— Да! И рыба есть, – ответил на вопрос двойняшек Лисёнок.
Обойдя пруд и попетляв по тёмным, извилистым улочкам, вышли из села.
В ста метрах от деревни виднелись ровные коробки ферм, курятников, свинарников или бог знает чего.
— Моё хозяйство, – похвалился сторож.
Дальше мы идти раздумали и повернули назад. В темноте заблудились и долго петляли по незнакомым переулкам, вслушиваясь в собачий лай – спасибо, лаяли за заборами. Домой всё же попали. К нашему удивлению, Пашки ещё не было.
— Во даёт, помощничек, – очень даже остро стали шутить Лёлик с Болеком. – Раздеваться ей, наверное, помогает.
Мне было не до смеха. Палец опухал прямо-таки на глазах.
Забыв о Пашке, двойняшки стали советовать, что в таких случаях делают. Один побежал за снегом, другой стал крутить и дергать бедный палец. От боли я чуть не визжал. Закончив экзекуцию, довольные, они легли спать. Мне это не удавалось всю ночь.
Дверь не заперли. Я слышал, как, стараясь не шуметь, тихо пил воду пришедший Пашка. Окликать его не стал. Разгова–ривать не хотелось. На следующий день мы так никому и не понадобились.
— Вот здорово! – радовались двойняшки, уплетая второе. – Может, до Нового года не хватятся?
Как же! В субботу о нас вспомнили. За завтраком к столу подошёл солидный мужчина в дублёнке.
— Вы приезжие? – обратился к нам.
— Мы!
— Как поедите, трое пойдёте со мной.
Двойняшки и Пашка ушли с солидным. Меня как инвалида оставили. Только лёг, в комнату ввалился сутулый, длиннорукий, небритый дед. Его маленькую голову до самых глаз накрывала огромная истёртая шапка с кожаным верхом.
«Это что за Филиппок?» – поглядел на вошедшего.
Словно отвечая моим мыслям, он произнёс:
— Кузнец я местный, – и загромыхал грязными сапожищами к моей кровати.
— Ты, что ль, приезжий будешь? – потёр широченными заскорузлыми ладонями о чёрную, замасленную до блеска, фуфайку.

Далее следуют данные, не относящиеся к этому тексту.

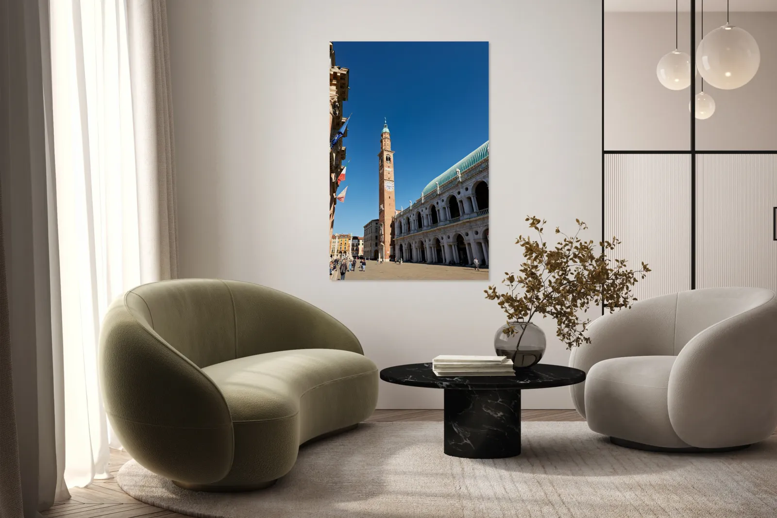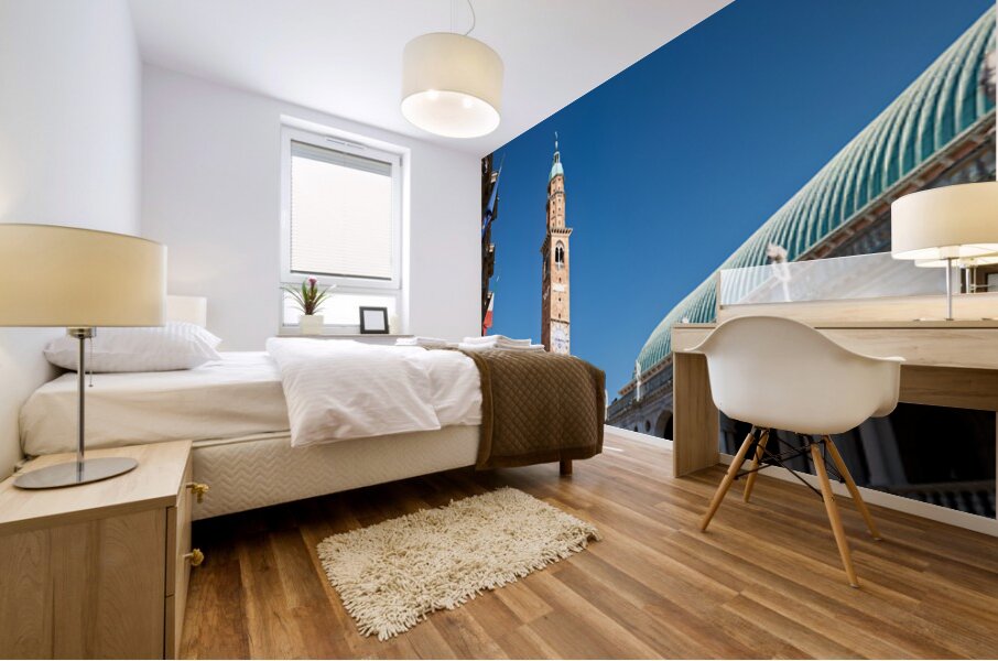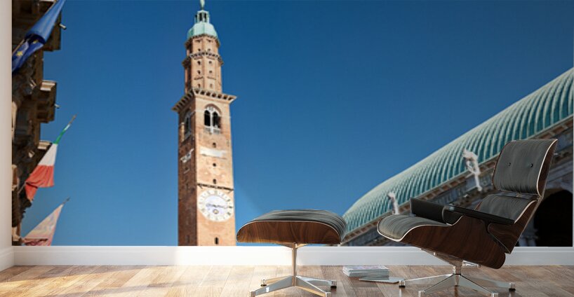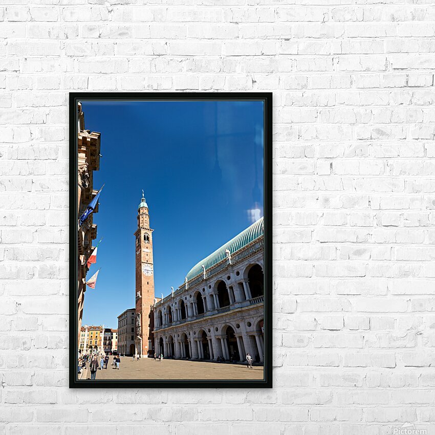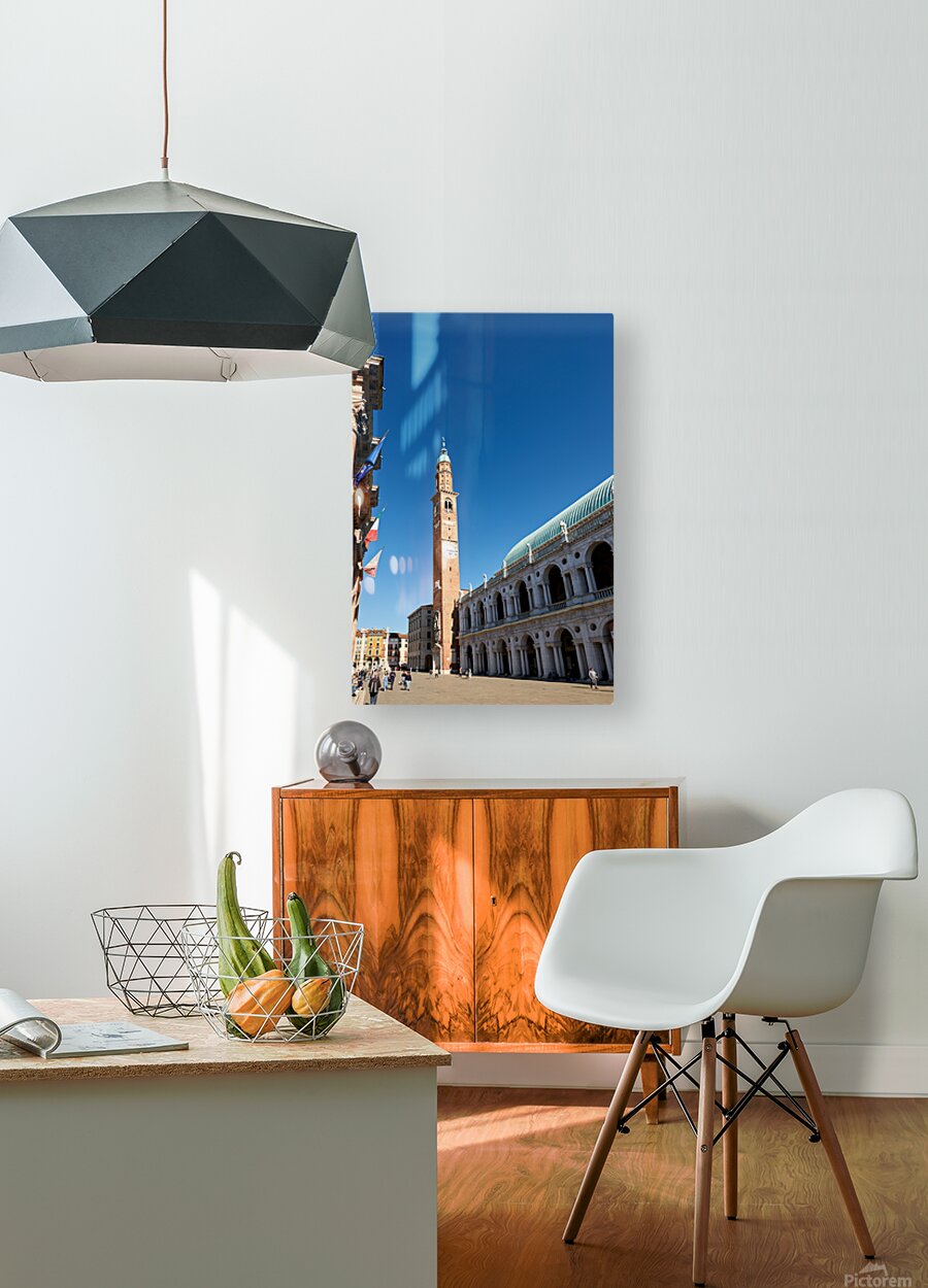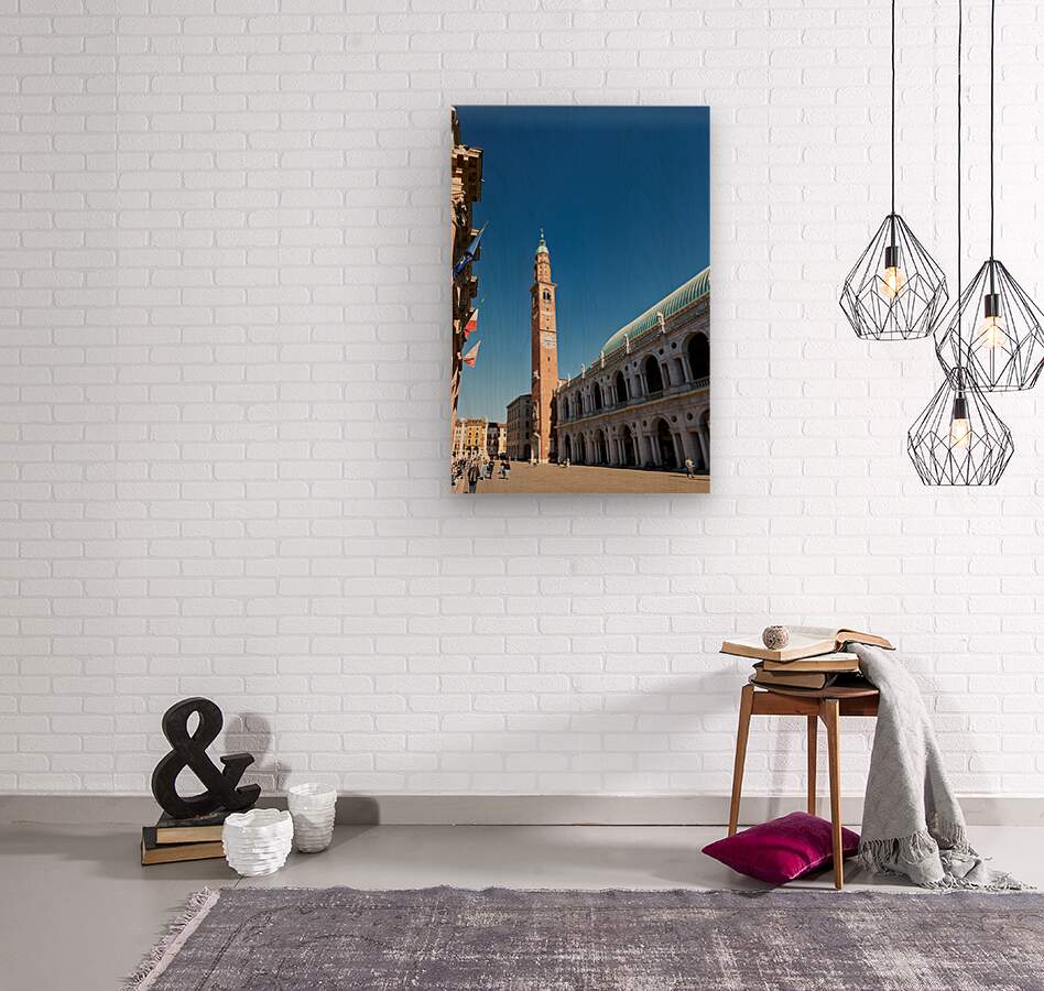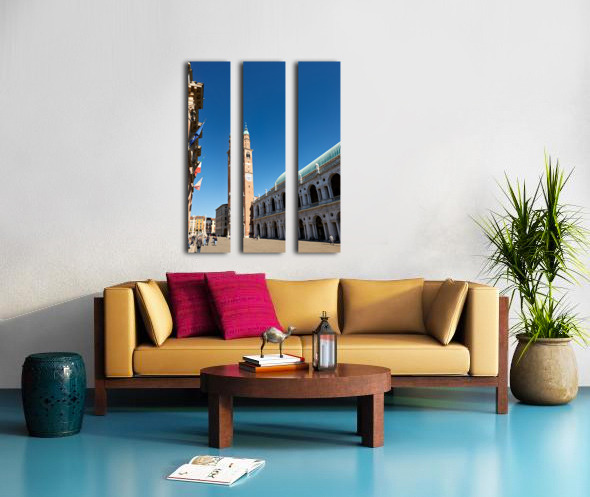 People explore the area around Basilica Palladiana in Vicenza Veneto Italy on a bright sunny day enjoying the historical architecture and atmosphere.

— Ну я… – проронил сквозь зубы.
— Афанасьичем меня кличут, – протянул ручищу с грязными ногтями и, словно клещами, ухватился за протянутую левую ладонь. – Чего лежишь-то? – достал из кармана папиросы и сел на табурет.
— Вот! – показал распухший палец.
— Эк его разнесло!.. Вставай, пошли… – поднялся он и забычковал о ладонь окурок. – К дохтуру тебя сведу.
Молча поднялся и, скрипя зубами, одел фуфайку. Долго возился с сапогами, наконец был готов.
На улице новый знакомый разговорился:
— Будем бороны делать. Зубья прикручивать, которые прослаблены, а некоторые и приварим.
Ладно, сегодня отдыхай, – разрешил он. – В понедельник придёшь вон туда, где гараж. Там меня спросишь, покажут, – оторвал зубами кусок от папиросы и выплюнул.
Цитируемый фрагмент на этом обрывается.